Post by Simon_Jester »

The problem is that (as we've seen in the US) one of the main functions of a federal government is to oversee transfer payments between richer and poorer parts of the same nation. These payments are a de facto necessity as long as development is not uniform unless you want the poorer parts of the country to decay to primitive levels. In the US, for instance, predominantly rural states almost never pay as much in taxes as they receive in federal funds. If the federal government weren't collecting taxes from the prosperous coastal and urban areas, and spending a disproportionate share of the money in rural states, the US would probably be a patchwork confederation of First and Third World economic conditions, with broad swathes of the country being at about the same economic level as, say, former Warsaw Pact countries.

[Ironically these states are also hotbeds of fanatical anti-tax, anti-federal-spending political sentiment... :banghead: ]
AniThyng wrote:
Broomstick wrote:When conditions are wildly different the rules under which people live should take that into account. Rules that work for a crowded urban center like London probably won't be applicable to somewhere more rural and vice versa.

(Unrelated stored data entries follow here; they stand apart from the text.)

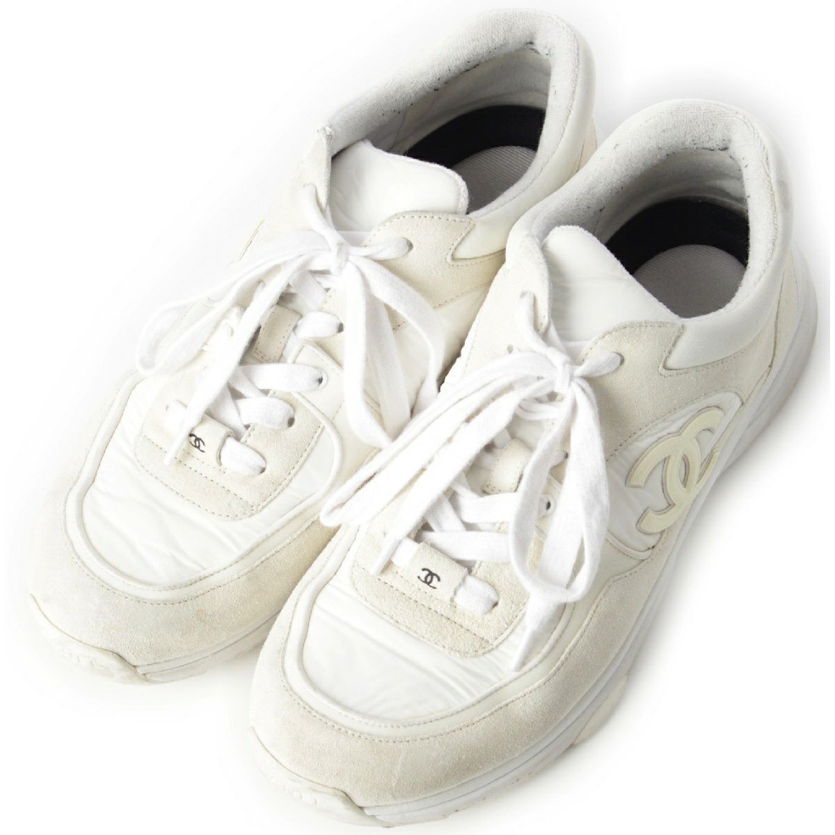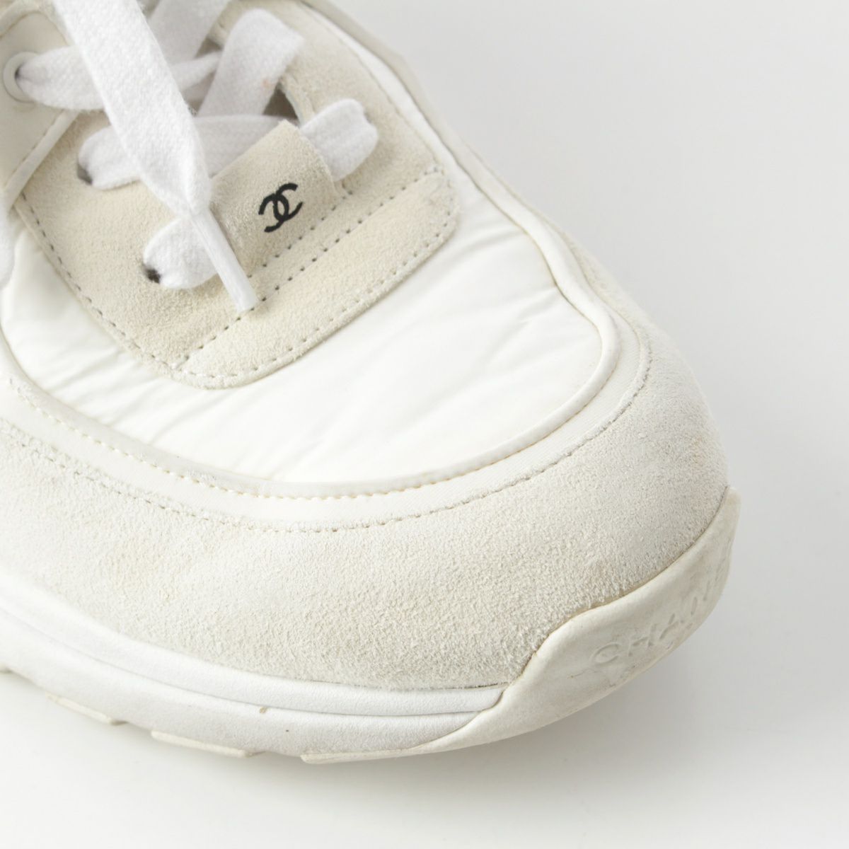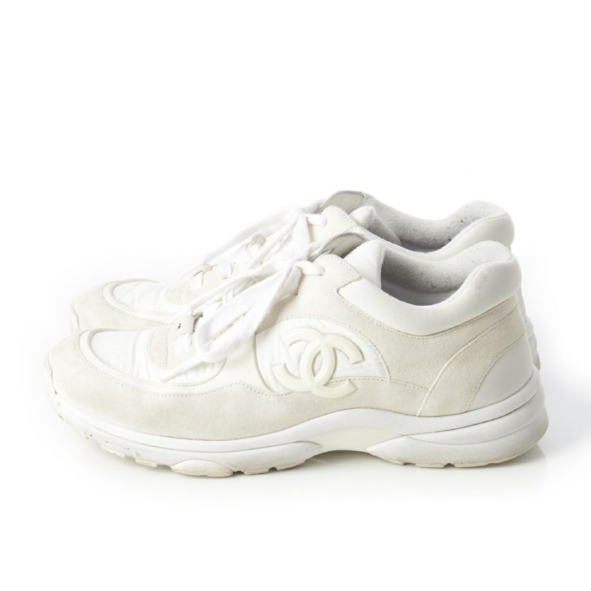 シャネル ナイロン スエード ココマーク レースアップ スニーカー シューズ ホワイト 42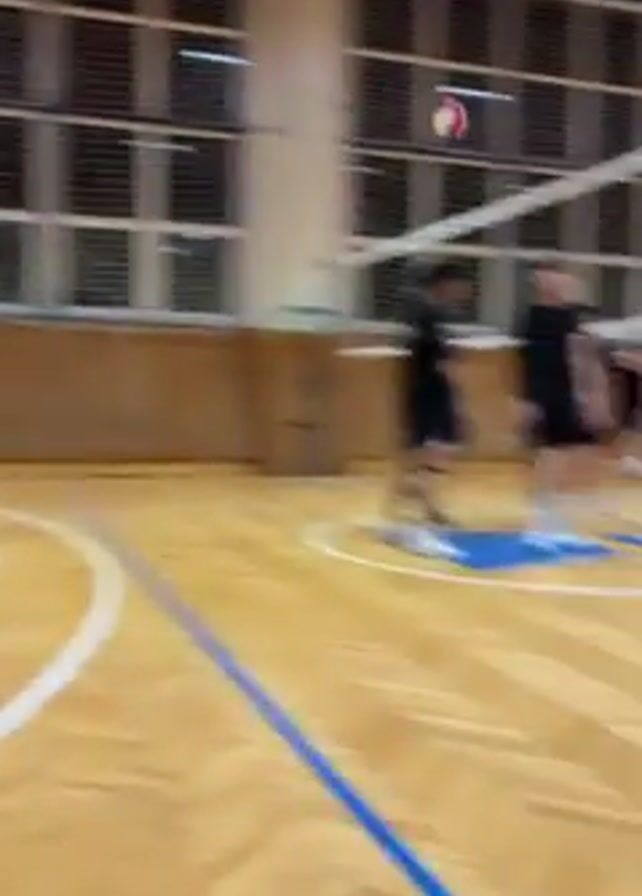 In a gymnasium with a wooden floor, a volleyball game is in progress. Several young men dressed in athletic wear are actively involved in the game. A net divides the court, and the players are positioned on either side. The video captures the dynamic movements of the players as they volley the ball back and forth. In the background, there's a basketball hoop and a wall lined with windows.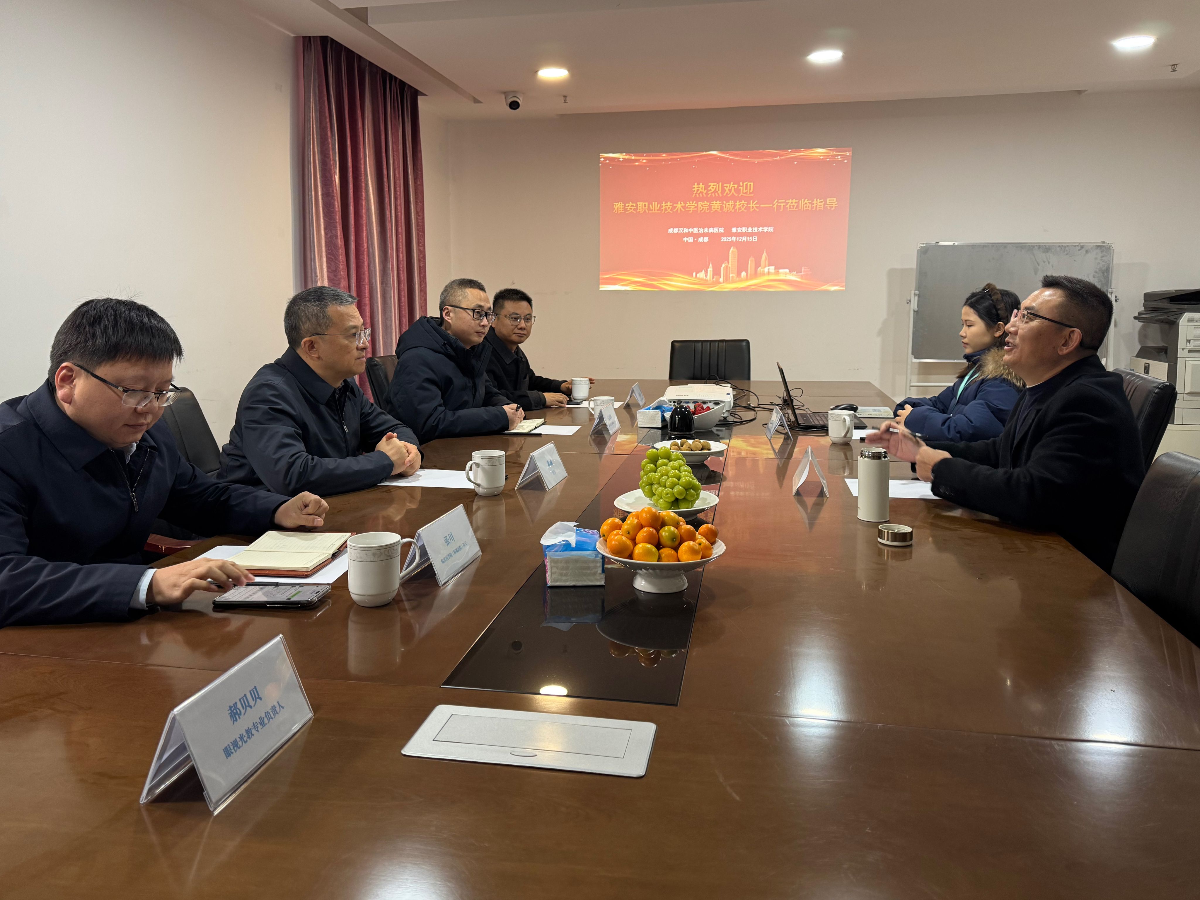 12月15日,学校党委副书记、校长黄诚率队赴四川唯高科技股份有限责任公司旗下的成都汉和中医治未病医院进行考察交流,实地走访医院各科室,了解各类康复理疗技术的具体应用与实践成效。党委常委、发展规划处处长梁大伟,临床医学院(附属医院)相关负责人随队考察。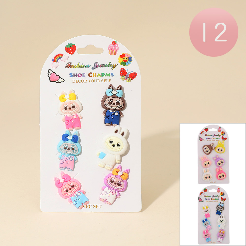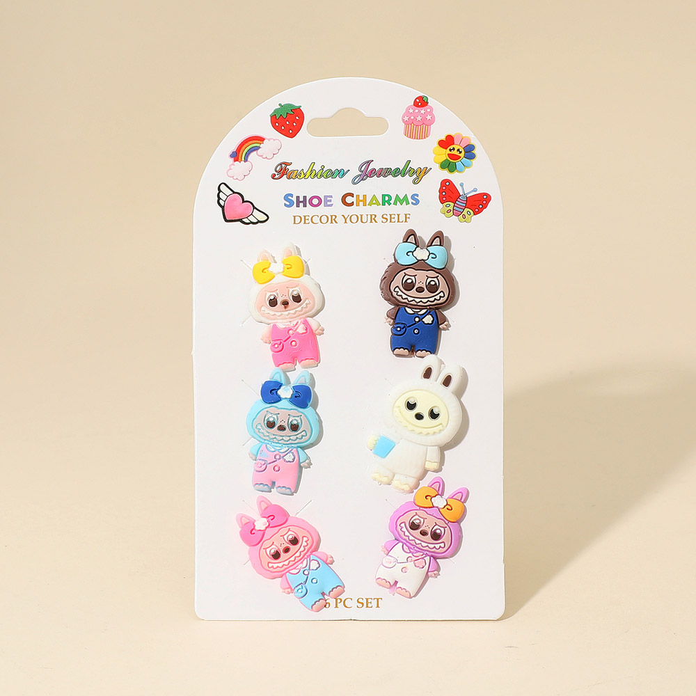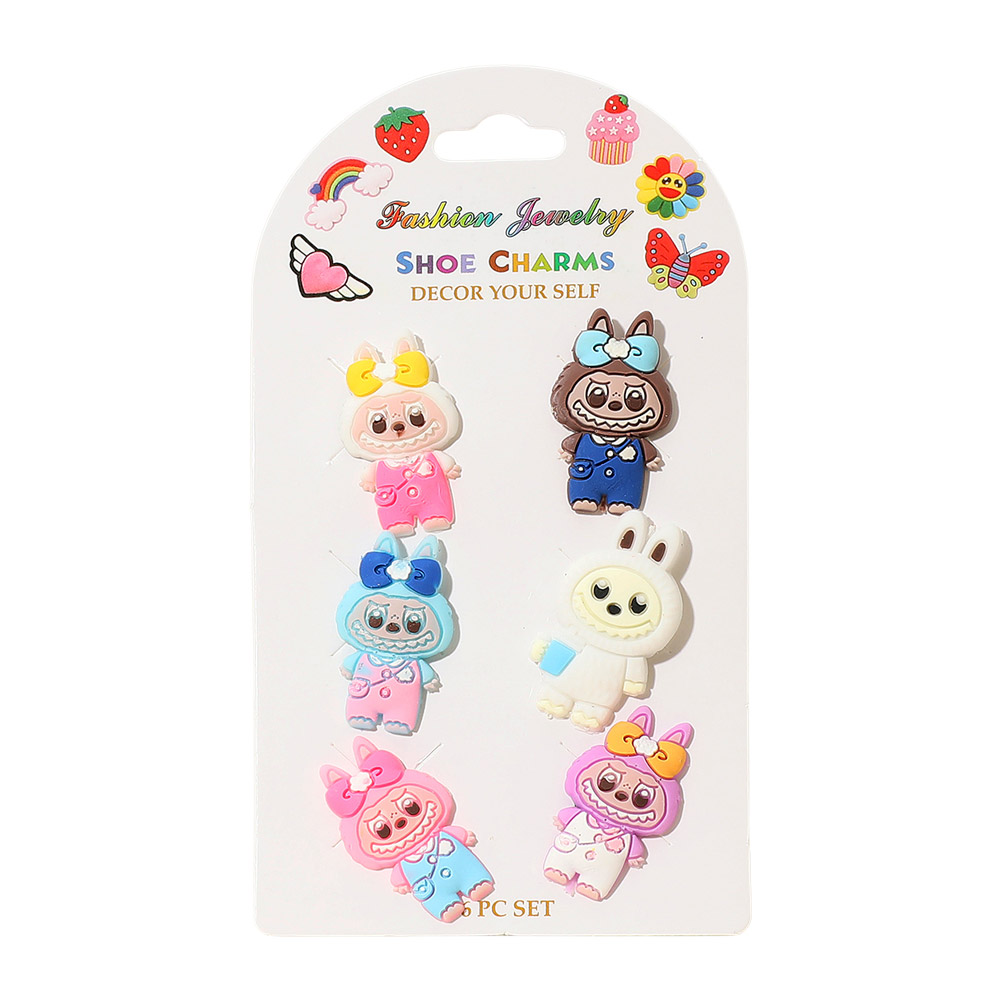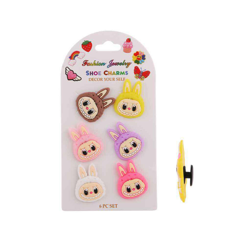 Details • Size : 1.25" L • A fun 6-piece shoe charm set featuring playful monster bunny character designs made to personalize clogs and sneakers. Easy to attach and swap, perfect for kids, teens, and gift giving, adding cheerful personality, style variety, and everyday creative expression.

That doesn't mean you should split everything into separate little countries.
I think the problem is more what to do with all those other crowded urban centers in England that aren't London. Manchester, Liverpool, Birmingham etc.
Also that those urban centers, unlike London, don't receive an economic boost from the London financial sector. So policies that work for London aren't working for Manchester, and yet policies that work for the village of Upper Obscurity wouldn't work for Manchester either, or vice versa.